Amnon Buchbinder (June 17, 1958 - November 30, 2019) was an American-born Canadian screenwriter and film director, most noted for his feature films The Fishing Trip and Whole New Thing.

Born in Missouri, he moved to Canada with his family in childhood, before studying film at the California Institute of the Arts. He was based in Vancouver in the early 1980s, where he was a board member of the Pacific Cinematheque and a programmer for the Vancouver International Film Festival. He made a number of short films, most notably 1983's Oroboros, before studying directing at the Canadian Film Centre. He joined the faculty of York University as a professor of screenwriting in the film department in 1995, and eventually became chair of the department.

The Fishing Trip, his first feature film as a director, was written by Michelle Lovretta, one of his students at York. In 2005 he published the screenwriting text The Way of the Screenwriter, and released Whole New Thing as his second feature film.
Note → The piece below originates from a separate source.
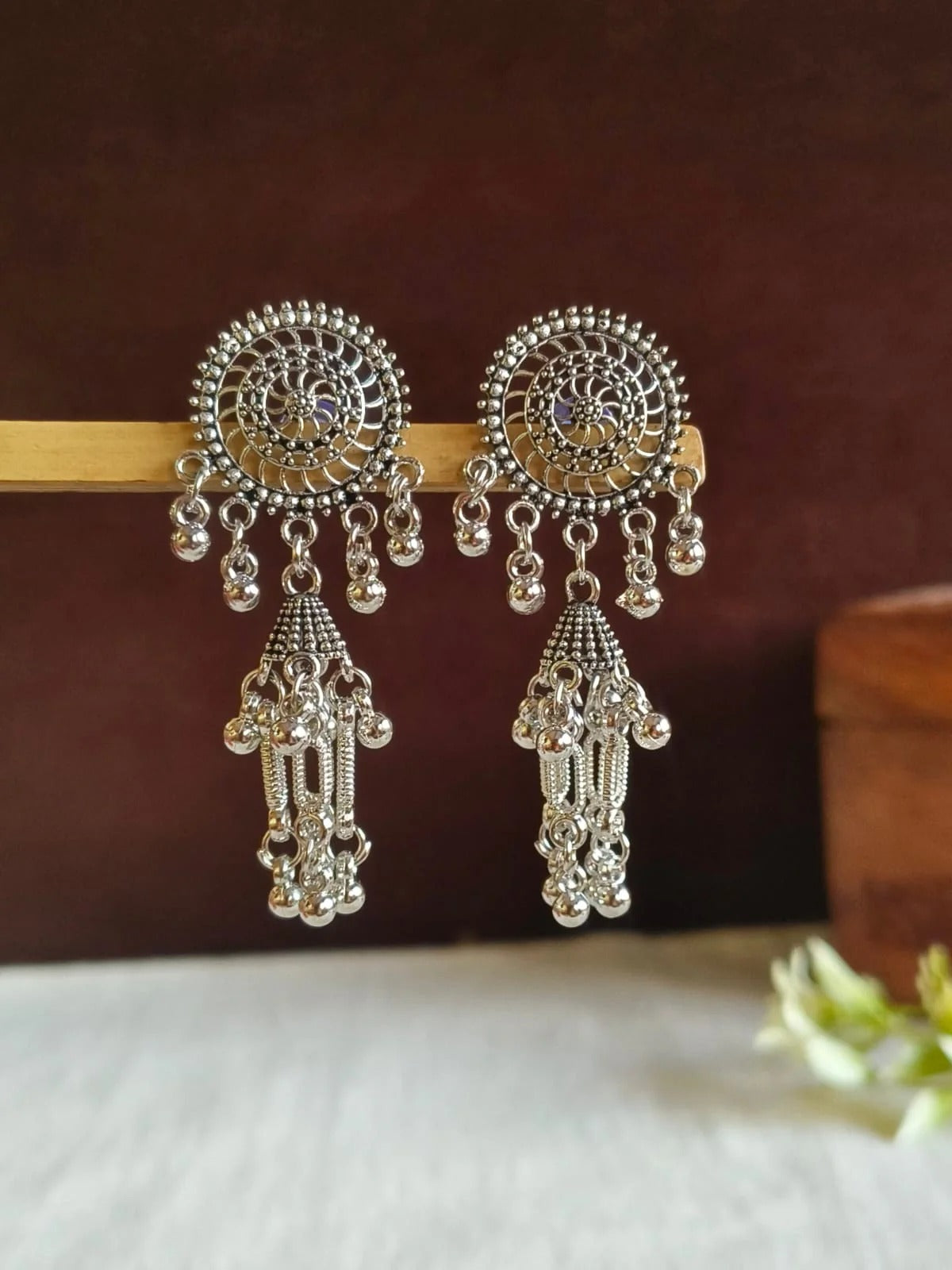 Add a graceful charm to your look with these oxidized silver floral chain dangler jhumka earrings, designed to blend traditional elegance with a stylish twist.

Following Whole New Thing he worked on Mortal Coil, a television pilot. Although it was never picked up to series, he published a novel based on it in 2014. In 2015 he released the film Traveling Medicine Show, a compilation of three short docufiction films in which he and his own family had played fictionalized versions of themselves. The following year he released his final film, the interactive documentary Biology of Story.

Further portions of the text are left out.